Alcoholism Whats The Big Deal

Monday, October 26th, 2009

I keep hearing a public service announcement about drug abuse on the radio.  The main question is “what’s the big deal?”  This woman doesn’t like being called an addict, thinks she has a total handle on it, and says she isn’t causing anyone any trouble.  Sounds like a good topic for a blog post.

Alcoholism Is A Big Deal

Alcohol Not Taken Seriously Enough

Let’s assume that if drug use be seen as a big deal, it might be even easier to let alcohol slide by.  After all, it’s a legal drug and lots of people use it all the time.  Would you even know if someone had a problem?  And is it even your business if your neighbor has a few too many on the weekends in his backyard?  It’s a free country and maybe it really doesn’t matter if people suffer a few hangovers.  What’s the big deal, anyway?

Wrong.  Very very wrong.  Alcoholism is a big deal, and even bigger because so many people write it off as normal and harmless.  Countless people in bars end up highly intoxicated, sometimes several nights a week.  College kids binge drink to the blackout point on a regular basis.  People at home have a glass in their hand or a bottle at their side from morning to bedtime.

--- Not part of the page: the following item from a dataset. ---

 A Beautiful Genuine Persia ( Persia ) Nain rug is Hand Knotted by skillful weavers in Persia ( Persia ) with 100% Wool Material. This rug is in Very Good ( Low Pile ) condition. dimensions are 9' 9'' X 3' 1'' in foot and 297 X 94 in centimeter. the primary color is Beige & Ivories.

Alcohol OK For Some Addictive For Others

Millions of people use alcohol safely every day.  But for every bunch of people you see drinking responsibly, there are at least few that are abusing it or even addicted to it.  Count on that.  Just because it is OK for many doesn’t mean it’s OK for everyone.

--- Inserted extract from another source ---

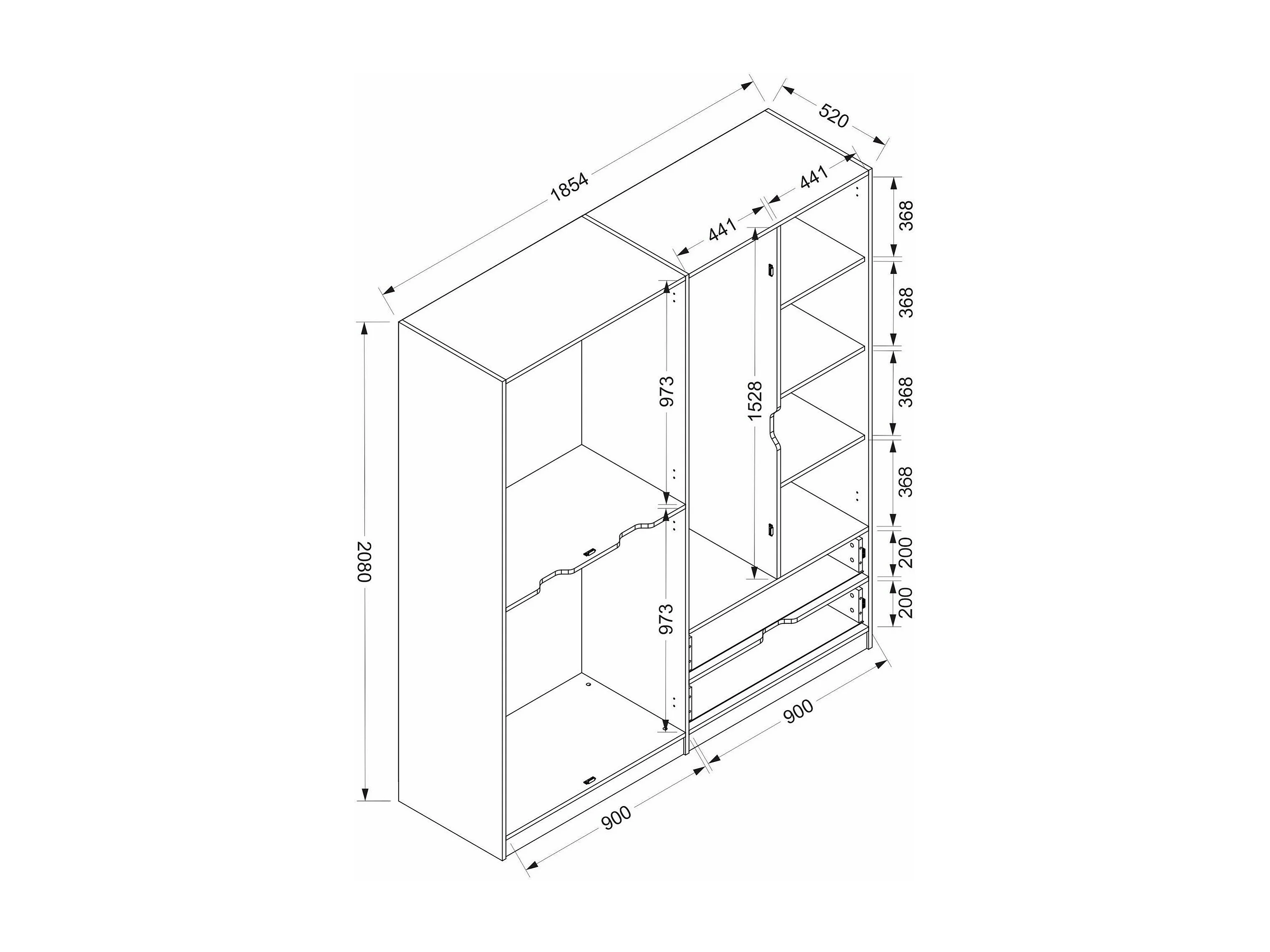 Grande Garde-robe Dmoussaman, Meubles de chambre, Penderie de plain-pied, Placard à vêtements, 185x52 h208 cm, Blanc et Or

Tell an alcoholic that she is addicted and she’ll probably tell you she doesn’t like being labeled like that.  She has it under control and she knows what she’s doing.  Also, she’ll tell you that anything she does with her drinking doesn’t hurt anyone else.

Here’s the response to those comments.  Nobody likes labels, but alcoholism fits if a person’s life has broken apart from repeated problems with heavy alcohol use.  Nobody who drinks that heavy or frequently has anything under control - it’s a lie.  Alcoholism hurts relationships with anyone that person knows, causes greater strain on the health care system, and could possibly cost someone else their life if the alcoholic behaves recklessly.

Alcohol Rehab Can Give Hope Again

Alcohol rehab has to be the next stop for someone with alcoholism.  If they continue to drink, they continue to risk their health, their reputation, their work life, their relationships, and the safety of others.  Alcohol rehab isn’t a cure, but it is a way to start recognizing the impact that alcoholism really has on everyone.

Alcoholism is a big deal.  You may want to turn your eyes or make excuses, but the impact will still be there.  Untreated alcoholism will cause countless injuries, illnesses, divorces, lost jobs, and deaths than you could probably guess.  When alcohol rehab helps even a few of those people turn their life around, there’s a little more hope in our world again.